Menatap Diam-diam

Jumat, 09 November 2012



Ku ulangi lagi menatap wajahmu diam-diam. Sekali lagi. Entah sudah yang keberapa kali. Nafas ku sempat beberapa kali pula tersengal, karena berdebar takala kedua bola matamu seperti mencari sesuatu, yang seolah merasa terintai oleh tatapan diam-diam ku. Hampir saja keempat bola mata kita berpadu jadi satu; bertemu, andai dengan rasa sadar aku tidak segera memalingkan pandanganku ke pepohonan tinggi di sampingmu. Seolah sedang mengamati pucuk-pucuk pohon yang ujungnya baru menuai tunas-tunas muda.

Aku tahu, tak kan nyaman bagimu yang terus merasa teramati. Di mata-mata-i. Seperti terus di bayangi oleh sesuatu yang tidak pernah kamu kenali. Tapi aku.. Aku menikmati menjadi pengamat pribadi mu. Ahk.. Aku bahkan lebih pantas di sebut sebagai penguntit dari pada pengamat pribadi. Tapi aku bahagia seperti ini. Memandangaimu dengan diam-diam. Dengan sebuah rasa yang terus menuntun ku kepadamu. Meski berucap jujur kepadamu tak akan terasa mampu keluar dari ujung pangkal lidahku.
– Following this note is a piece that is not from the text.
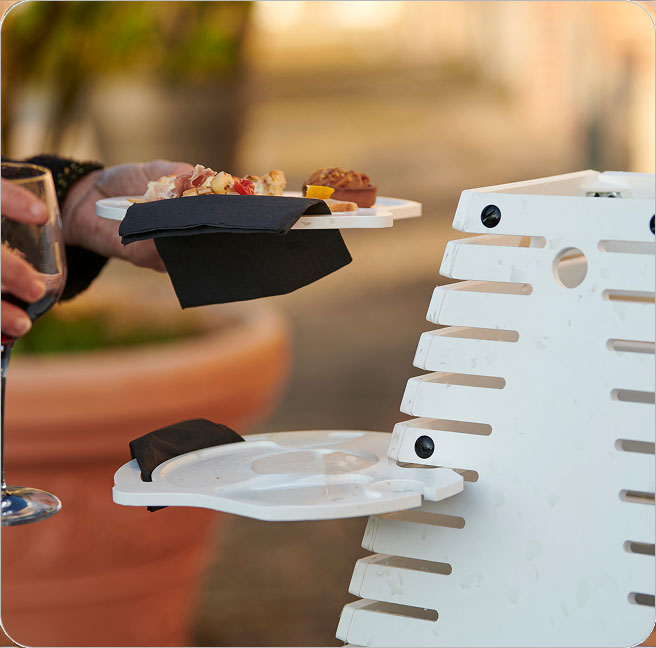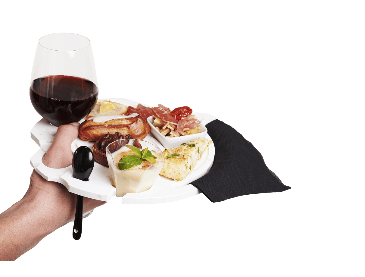 PAAMBI est une palette cocktail ergonomique permettant à vos invités de tenir verre, bouchées et serviette d’une seule main. Résultat : une réception plus fluide, un service plus simple et une expérience invitée sans contrainte.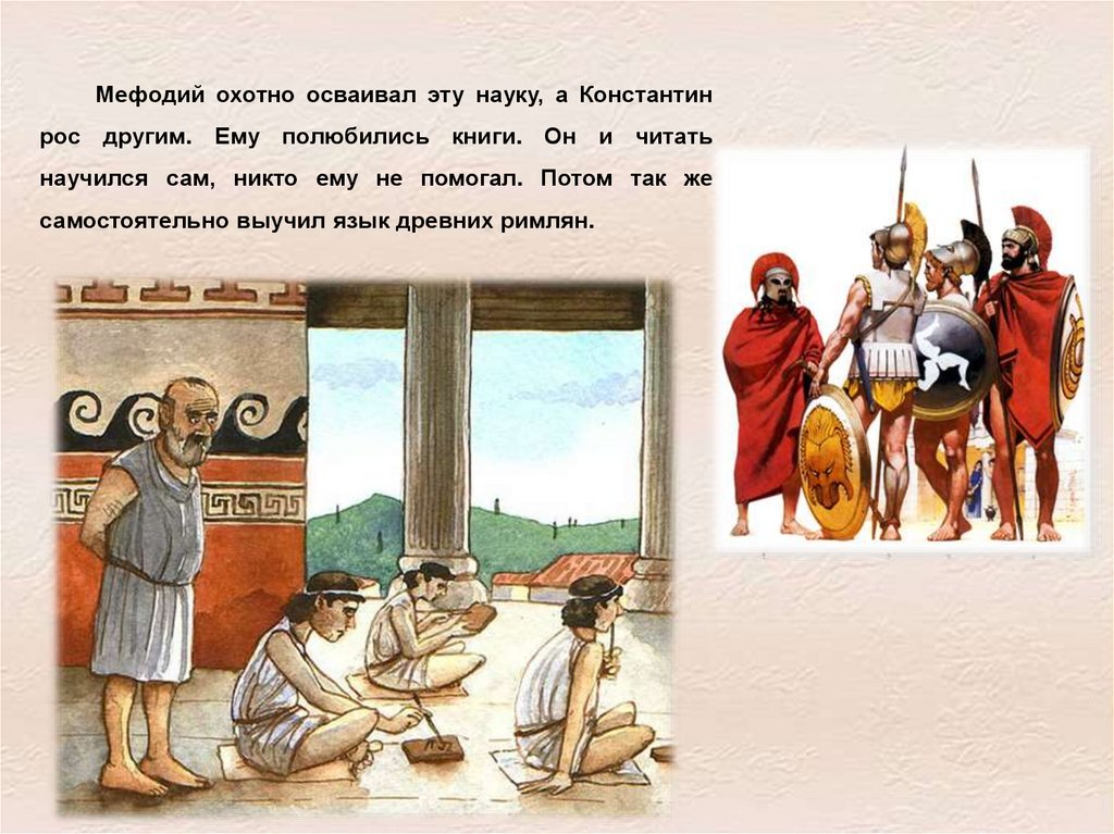 Мефодий охотно осваивал эту науку, а Константинрос другим. Ему полюбились книги. Он и читать

Aku tahu semua yang bahkan tidak semua orang tahu tentang kamu dengan detail, bahkan aku bisa pastikan akan menjuarai urutan pertama, jikalau ini diperlombakan. Aku mencatat tiap saat kesukaanmu dalam ingatanku. Aku selalu tahu kamu tidak pernah tidak tepat waktu. Selalu datang ke taman ini setiap akhir pekan. Duduk di bangku yang sama, dan tidak dengan siapa pun.

Pernah suatu hari aku melihatmu tampak bahagia. Bahkan hujan yang aku kira akan membahayakan, malah kamu biarkan menyentuh kulit lembutmu. Kamu basah kuyup. Kamu tertawa. Kamu berputar-putar menikmatinya. Seperti sedang bersyukur dengan apa yang sedang Ia jatuhkan ke bumi ku, pun bumi mu.

Sekarang sudah masuk musim penghujan lagi. Dan aku masih setia menantimu. Menunggu kamu tersenyum sambil bersenandung riang di bawah pepohonan tempat ku tinggal. Hujan seperti memisahkan kebiasaan mu dengan ku. Hujan membuatku tidak bisa melulu mengamatimu. Karena kamu mencari teduh di bawah atap rumah mu. Karena aku di sarangku. Karena aku menunggumu. Dan, karena aku hanya seekor burung taman yang setia mengintaimu. Dan, karena aku mencintaimu. 



Taman Kota,

Yang selalu menunggumu, Burung Gereja.